The data |
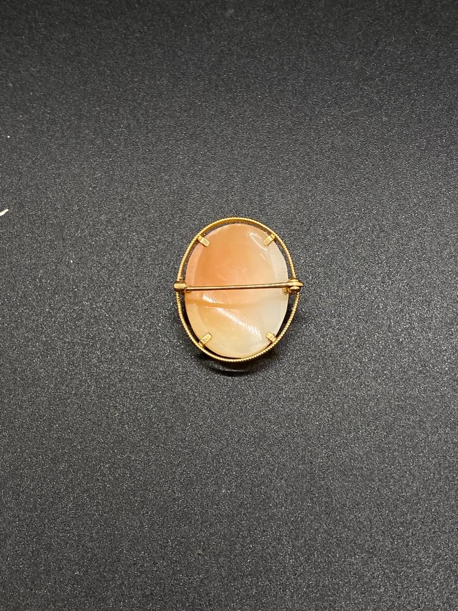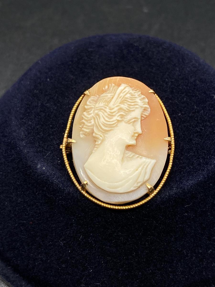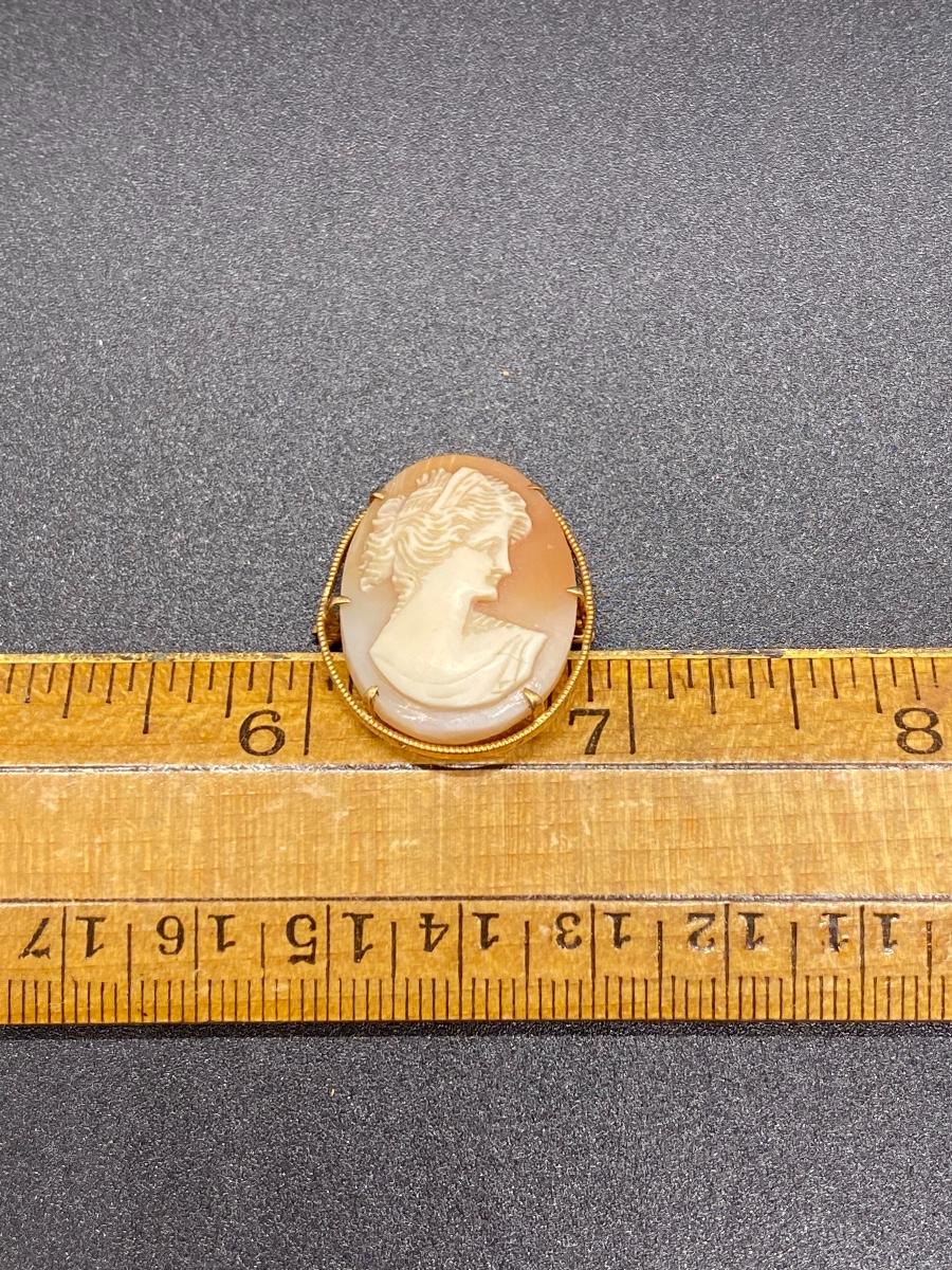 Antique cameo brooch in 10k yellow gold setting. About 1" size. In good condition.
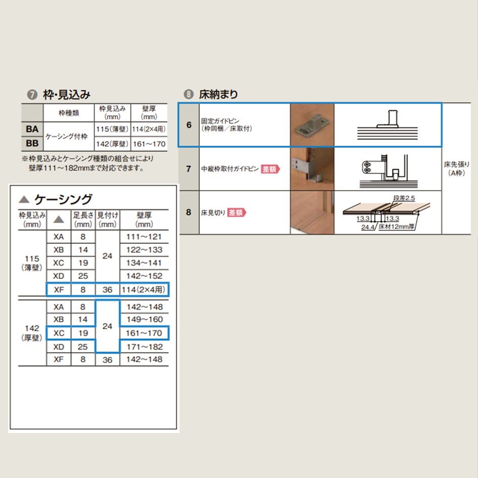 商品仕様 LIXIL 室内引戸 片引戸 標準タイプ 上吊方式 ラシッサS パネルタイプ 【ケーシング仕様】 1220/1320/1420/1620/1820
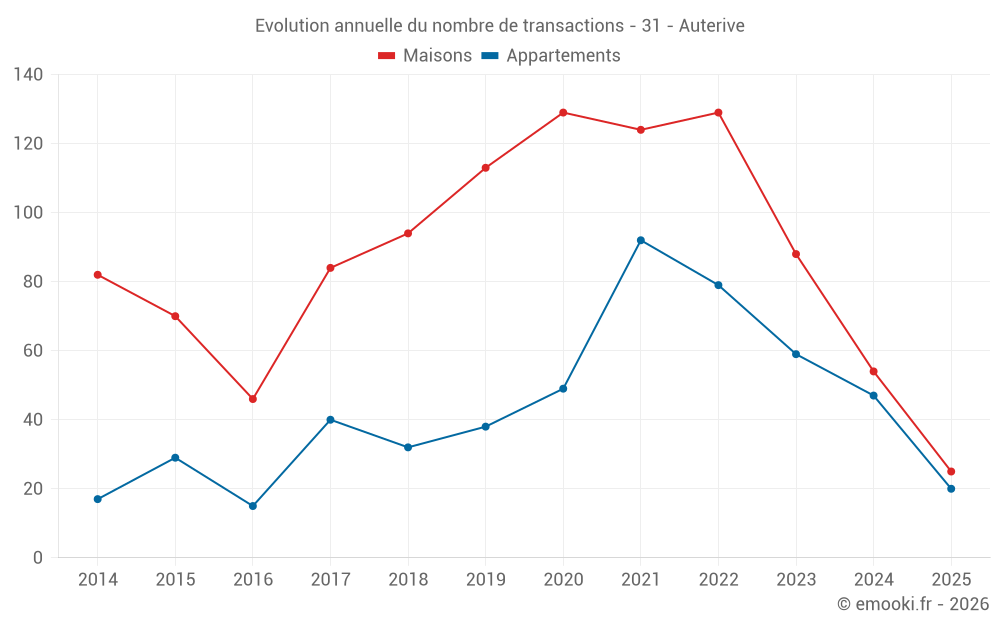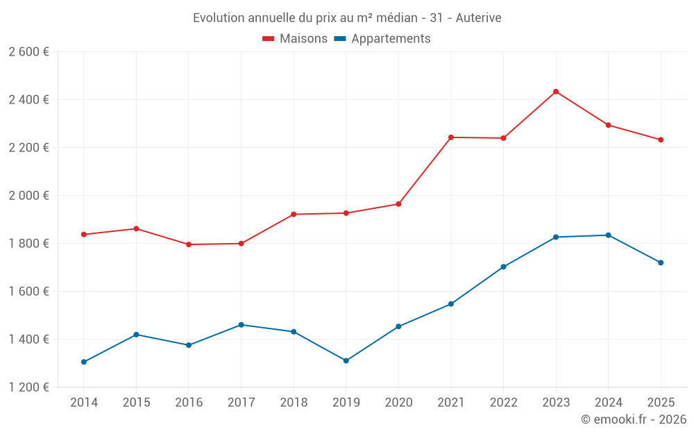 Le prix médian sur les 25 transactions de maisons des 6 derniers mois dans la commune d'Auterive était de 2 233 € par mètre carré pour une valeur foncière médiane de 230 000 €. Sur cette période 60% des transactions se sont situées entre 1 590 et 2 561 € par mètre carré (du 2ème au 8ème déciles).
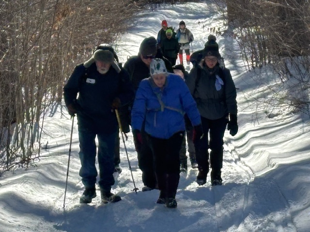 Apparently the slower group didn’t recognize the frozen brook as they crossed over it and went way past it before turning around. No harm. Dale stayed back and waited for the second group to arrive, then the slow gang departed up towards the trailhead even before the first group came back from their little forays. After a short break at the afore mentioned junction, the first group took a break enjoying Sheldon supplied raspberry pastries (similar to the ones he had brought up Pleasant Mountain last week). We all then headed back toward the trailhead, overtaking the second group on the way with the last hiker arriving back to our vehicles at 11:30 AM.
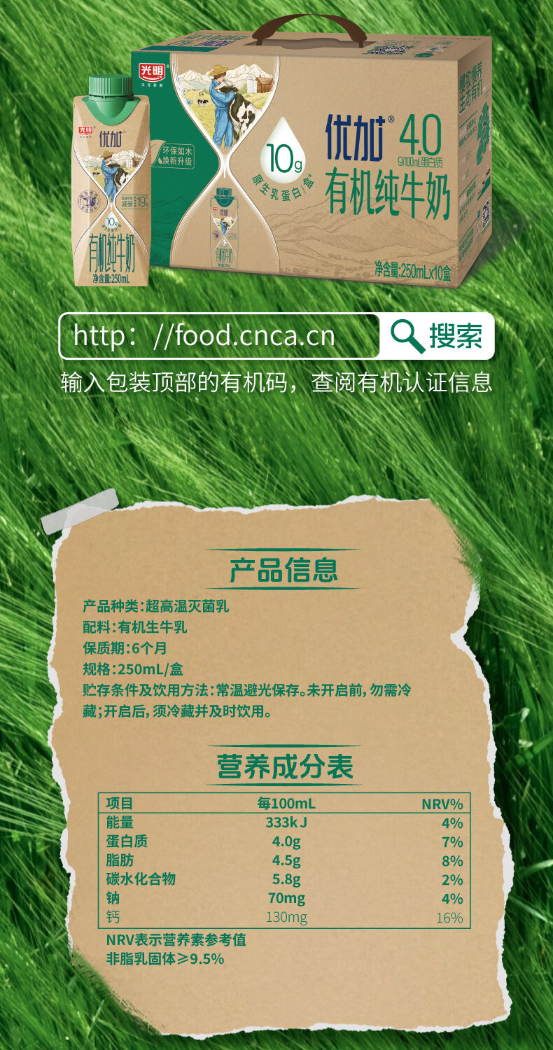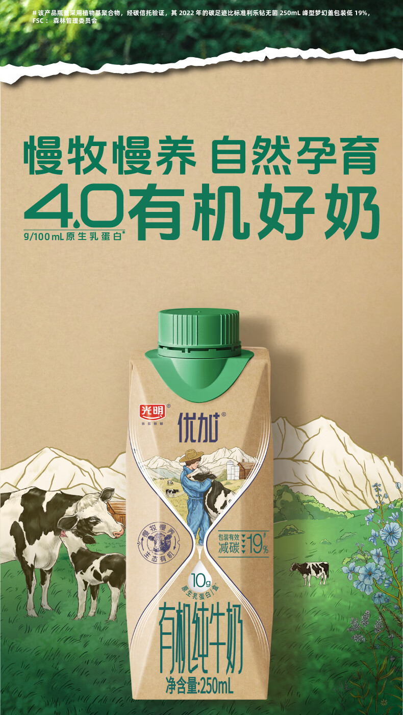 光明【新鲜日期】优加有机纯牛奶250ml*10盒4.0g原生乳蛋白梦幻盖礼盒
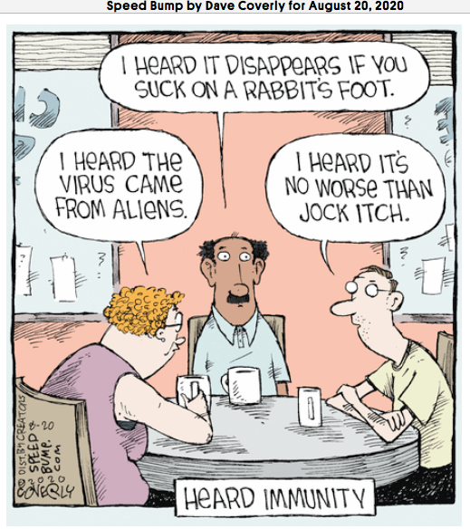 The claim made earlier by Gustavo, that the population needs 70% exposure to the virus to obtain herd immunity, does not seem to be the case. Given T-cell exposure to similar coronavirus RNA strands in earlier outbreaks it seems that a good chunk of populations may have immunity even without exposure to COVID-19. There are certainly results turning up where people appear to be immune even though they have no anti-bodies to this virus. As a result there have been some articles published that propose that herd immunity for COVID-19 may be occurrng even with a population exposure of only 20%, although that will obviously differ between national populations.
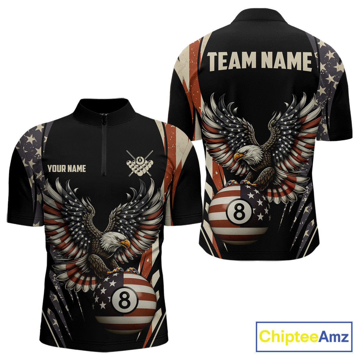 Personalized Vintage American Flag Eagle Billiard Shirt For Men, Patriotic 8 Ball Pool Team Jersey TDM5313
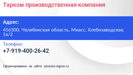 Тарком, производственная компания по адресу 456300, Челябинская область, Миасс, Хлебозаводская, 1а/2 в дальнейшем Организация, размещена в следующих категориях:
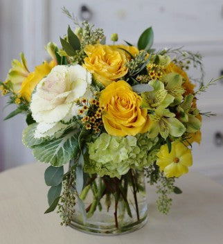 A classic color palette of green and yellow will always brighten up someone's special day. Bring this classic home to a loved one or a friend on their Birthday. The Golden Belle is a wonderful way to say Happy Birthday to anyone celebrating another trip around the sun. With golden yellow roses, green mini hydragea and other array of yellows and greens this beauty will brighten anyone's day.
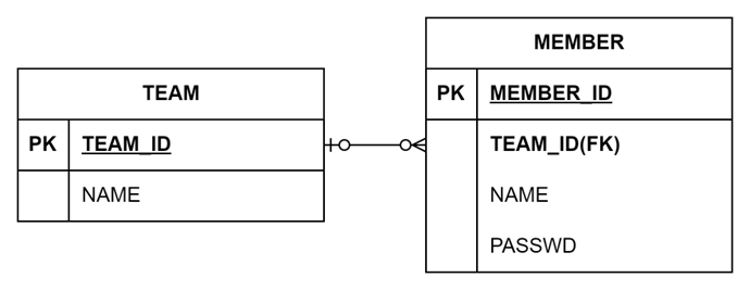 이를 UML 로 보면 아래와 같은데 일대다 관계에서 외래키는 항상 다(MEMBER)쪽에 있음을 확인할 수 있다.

What you will do |
Copy the lines above between the one holding "Le prix médian" and the one holding "Тарком, производственная компания", inclusive. Drop the pictures.

Final answer |
 Le prix médian sur les 25 transactions de maisons des 6 derniers mois dans la commune d'Auterive était de 2 233 € par mètre carré pour une valeur foncière médiane de 230 000 €. Sur cette période 60% des transactions se sont situées entre 1 590 et 2 561 € par mètre carré (du 2ème au 8ème déciles).
 Apparently the slower group didn’t recognize the frozen brook as they crossed over it and went way past it before turning around. No harm. Dale stayed back and waited for the second group to arrive, then the slow gang departed up towards the trailhead even before the first group came back from their little forays. After a short break at the afore mentioned junction, the first group took a break enjoying Sheldon supplied raspberry pastries (similar to the ones he had brought up Pleasant Mountain last week). We all then headed back toward the trailhead, overtaking the second group on the way with the last hiker arriving back to our vehicles at 11:30 AM.
 光明【新鲜日期】优加有机纯牛奶250ml*10盒4.0g原生乳蛋白梦幻盖礼盒
 The claim made earlier by Gustavo, that the population needs 70% exposure to the virus to obtain herd immunity, does not seem to be the case. Given T-cell exposure to similar coronavirus RNA strands in earlier outbreaks it seems that a good chunk of populations may have immunity even without exposure to COVID-19. There are certainly results turning up where people appear to be immune even though they have no anti-bodies to this virus. As a result there have been some articles published that propose that herd immunity for COVID-19 may be occurrng even with a population exposure of only 20%, although that will obviously differ between national populations.
 Personalized Vintage American Flag Eagle Billiard Shirt For Men, Patriotic 8 Ball Pool Team Jersey TDM5313
 Тарком, производственная компания по адресу 456300, Челябинская область, Миасс, Хлебозаводская, 1а/2 в дальнейшем Организация, размещена в следующих категориях:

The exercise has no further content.